TrueNorth Energy is a wholly owned unit of Calgary-based Koch Petroleum Canada LP and is operator for Fort Hills with a 78% interest. UTS Energy Corp. holds 22%.

TrueNorth said it is expected that most of the Fort Hills bitumen would be upgraded and refined at Koch Industries Inc.'s Pine Bend refinery near St. Paul, Minn.

Petro-Canada

Petro-Canada is emerging as a leader in development of large-scale commercial in situ projects using SAGD production technology.

The company's $300 million Mac- Kay River in situ project is already under construction. The company has filed a regulatory application and is evaluating a second in situ project at Meadow Lake in the Athabasca region.

A spokesman said the 30,000 b/d MacKay River project is currently on schedule and on budget for full production in mid-2003.

Petro-Canada has a 100% interest in MacKay River, its first commercial SAGD oil sands project.

The company holds 76 sections of land in the area, 37 miles northwest of Fort McMurray.

The current project covers only 11.5 sections and has estimated reserves of 230-300 million bbl of bitumen to support production of 30,000 b/d for 25 years. The reserves estimate was based on extensive seismic and more than 200 delineation wells.

Petro-Canada was a participant for a number of years in thermal recovery pilot projects in the region. SAGD uses pairs of horizontal wells. Steam is injected into the upper well, where it heats and mobilizes the bitumen. The steam condenses back to water and flows to the surface along with the bitumen through the lower production well. The water is then separated, treated, and reused to generate more steam.

Petro-Canada's application for the Meadow Creek project, 28 miles south of Fort McMurray, covers the $700-800 million in situ project and a major refinery conversion at its Strathcona refinery, east of Edmonton, estimated to cost $4-5 billion.

The conversion program would allow the refinery to produce low-sulfur gasoline and replace its existing crude feedstock with bitumen. The first phase would convert the refinery's conventional light crude capacity to upgrade and refine 85,000 b/d of bitumen by 2007.

A possible second phase would add 85,000 b/d by 2010. A third phase of the in situ operation would be considered if the second phase of the refinery conversion is approved.

Petro-Canada holds a 75% interest and Nexen Inc. 25% in the Meadow Lake in situ project, with production of up to 80,000 b/d slated for 2007 start-up.

Long Lake

Another major in situ venture, the Long Lake project 25 miles southeast of Fort McMurray, is a joint venture of OPTI Canada Inc. and Nexen.

Nexen, which acquired a 50% working interest, will be operator for the SAGD project.
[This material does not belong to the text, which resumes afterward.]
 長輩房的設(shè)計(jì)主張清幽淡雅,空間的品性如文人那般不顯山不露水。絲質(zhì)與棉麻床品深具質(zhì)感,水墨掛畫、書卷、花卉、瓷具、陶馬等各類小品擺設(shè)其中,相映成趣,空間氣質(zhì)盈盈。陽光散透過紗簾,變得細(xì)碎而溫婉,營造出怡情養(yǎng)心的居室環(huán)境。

It will involve a 3,000 b/d pilot project this year and a 35,000 b/d commercial project. Bitumen will be upgraded on site using patented OrCrude technology developed by OPTI's parent company, ORMAT Industries Ltd. OPTI will be responsible for design, construction, and operation of a 60,000-70,000 b/d upgrader, with a planned completion date in 2006. A second phase could add 70,000 b/d. OPTI has been operating a 500 b/d demonstration plant in the Cold Lake area since April 2001, processing bitumen from both the Cold Lake and Athabasca sands.
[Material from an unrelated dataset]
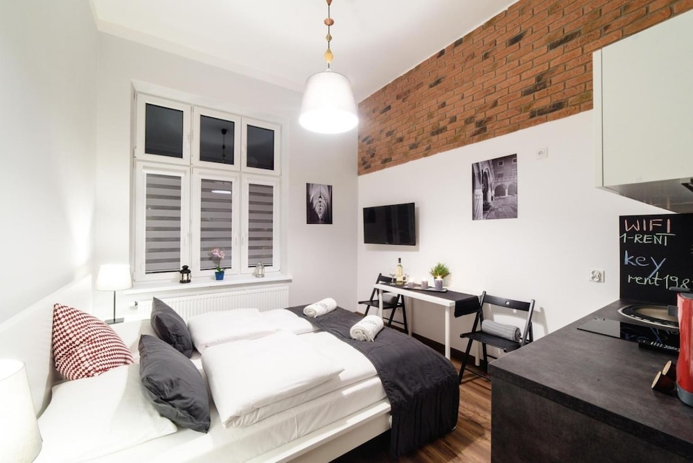 2 Nights Apartments, en Cracovia, se sitúa a pocos minutos de Opera Krakowska y Jardín botánico de la Universidad Jagellónica. Este complejo de apartamentos se encuentra cerca de Plaza del mercado principal y de Castillo de Wawel. Reserva una de las 24 habitaciones con cocina, frigorífico y placa de cocina, y disfruta de una estancia inolvidable. La conexión a Internet wifi gratis te mantendrá en contacto con los tuyos; también podrás ver tu programa favorito en el televisor con canales por cable. Entre las comodidades, se incluyen hervidor eléctrico, además de un servicio de limpieza disponible de forma limitada. Se ofrece servicio de transporte al aeropuerto (ida y vuelta) de pago (disponible las 24 horas).

OPTI and Nexen also have formed a joint venture to develop additional opportunities in the Athabasca sands to upgrade both their own and third-party bitumen using OrCrude technology. OPTI has obtained from Nexen a 50% interest in 32 sections of land in the same region with plans for initial delineation work as soon as possible.

EnCana

EnCana Oil & Gas Ltd. (formerly AEC Oil & Gas Ltd.) has applied for regulatory approvals to build Phases 2 and 3 of an existing SAGD in situ project at Foster Creek in the Cold Lake area.

The $290 million first phase is ramping up to 20,000 b/d after starting up at 15,000 b/d in fourth quarter 2001. The $480 million second phase is expected to push output to 65,000 b/d by 2005, and the $230 million third phase would reach 100,000 b/d by 2007.

Another in situ project, at Christina Lake, is to begin steaming in the second quarter of this year, with production start slated for the third quarter. Phase 1 would ramp up to 10,000 b/d by 2003, followed with 40,000 b/d for Phase 2 (no date set yet), and 70,000 b/d expected in 2008. Total estimated outlays for this project would be $500 million.